Ursula K. Le Guin

Os Tumulos de Atuan

Para a cabeca ruiva de Telluride

PROLOGO

— Vem para casa, Tenar! Vem para casa!

No profundo vale, a luz do crepusculo, as macieiras estavam prestes a florir. Aqui e alem, por entre os ramos cobertos de sombra, uma flor abrira antes de tempo, rosada e branca, como uma estrela indistinta. Ao longo das aleas do pomar, sobre a erva nova, espessa e molhada, a garotinha corria pelo puro prazer da corrida. Tendo ouvido o chamado, nao regressou imediatamente, descrevendo um largo circulo antes de ficar de frente para a casa. A mae que a esperava na entrada da cabana, com a luz do fogo a brilhar por tras, olhava o vulto minusculo que corria e se movia para cima e para baixo, como uma particula de lanugem de cardo soprada por sobre a erva escurecida e sob as arvores.

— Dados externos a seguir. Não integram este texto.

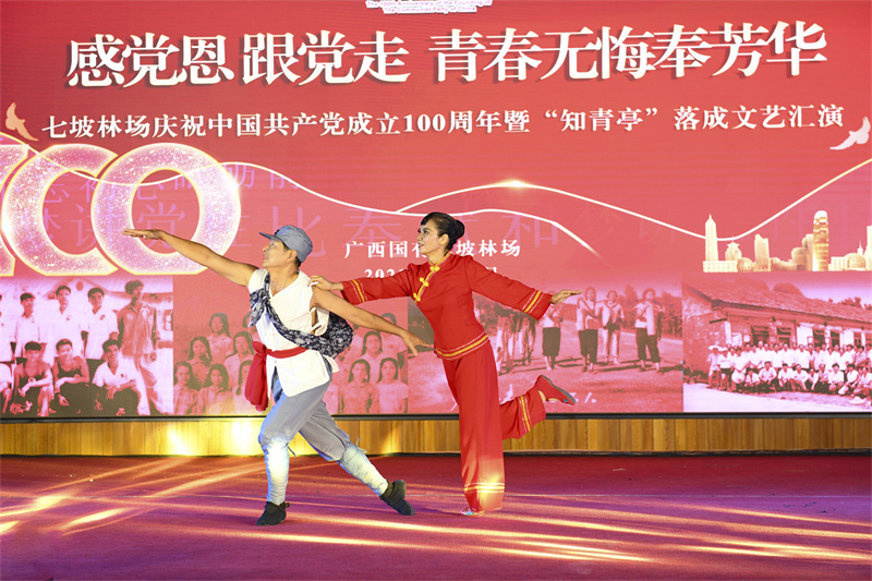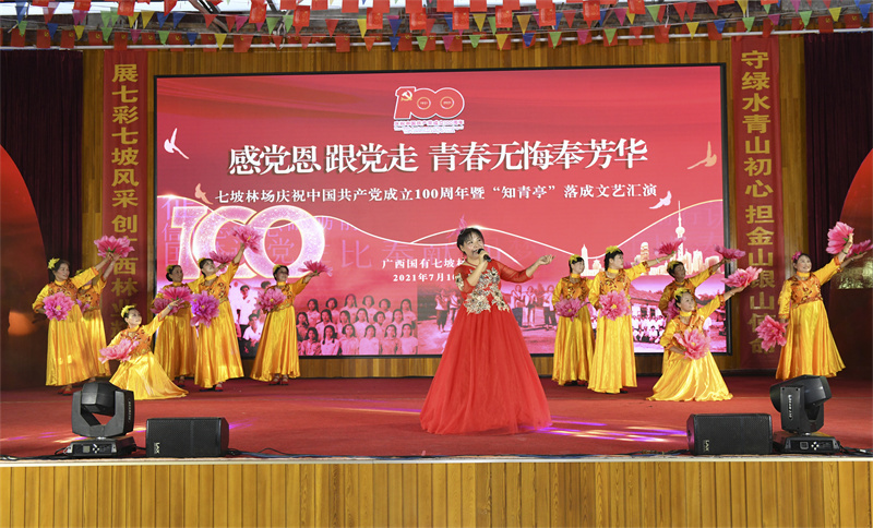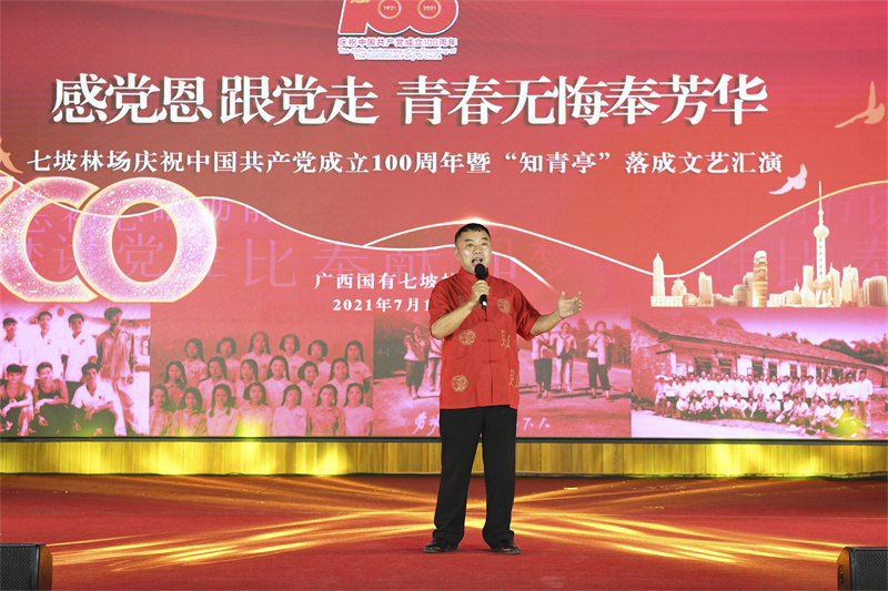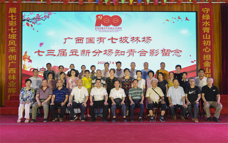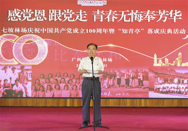 青春热血洒七坡,青山绿水叙情缘。7月10日,七坡林场在立新森林人家举行“感党恩 跟党走 青春无悔奉芳华”庆祝中国共产党成立100周年暨“知青亭”落成庆典活动,曾在林场工作过的350多名知青回到林场参加活动。七坡林场党委书记刘运华参加活动并讲话,常务副场长朱兵,广西“两山”研究院副院长、七坡林场正处级干部陈文军,工会主席李怡毅参加活动。
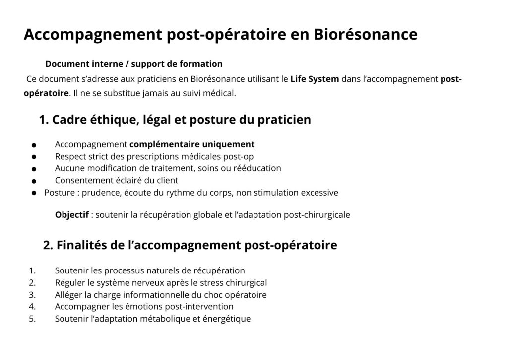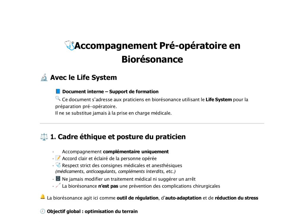 Travaux réalisés par les Lifeurs Du pendule au L.I.F.E.-Systemexercices pour penduler. par Anne-Sophie Sagot Accompagement Post-opératoire en biorésonance avec le L.I.F.E.-System. par Corinne Moriceau Accompagnement Pré-opératoire en biorésonance avec le L.I.F.E.-System. par Corinne Moriceau Le muscle PSOAS en biorésonance par Aline Lecomte Comment analyser et construire ma séanceavec le L.I.F.E.-System. par Corinne Bongioanni Posture du thérapeute avant et après une séance. par Nathalie Szlein Questionnaire bilan santé à destination de vos clients. par Nathalie Szlein Bibliothèque

Junto a uma esquina da cabana, raspando a terra que cobria uma enxada o pai disse:

— Porque deixas que o teu coracao se apegue a crianca? Vem para a levar para longe no proximo mes. Para sempre. Tanto valera enterra-la e acabar com tudo. De que serve agarrar-se a gente a alguem que estamos condenados a perder? Ela nao nos traz bem nenhum. Ainda se pagassem quando a levarem, sempre era alguma coisa. Mas nao vao fazer isso. Levam-na e acabou-se.

A mae nao pronunciou uma palavra, observando a crianca que parara a olhar para cima, por entre as arvores. Acima dos montes que se erguiam para la dos pomares, a estrela da tarde brilhava com penetrante nitidez.

— Ela nao e nossa, nunca o foi desde que eles vieram e disseram que tinha de ser a Sacerdotisa, nos Tumulos. Porque e que nao ha de ver isso? — A voz do homem soava rouca de revolta e amargura. — Tens mais quatro filhos. Esses ficarao aqui, aquela nao. Portanto, nao lhe prendas o teu coracao. Deixa-a partir!

— Quando chegar a altura — respondeu a mulher —, eu deixo-a partir.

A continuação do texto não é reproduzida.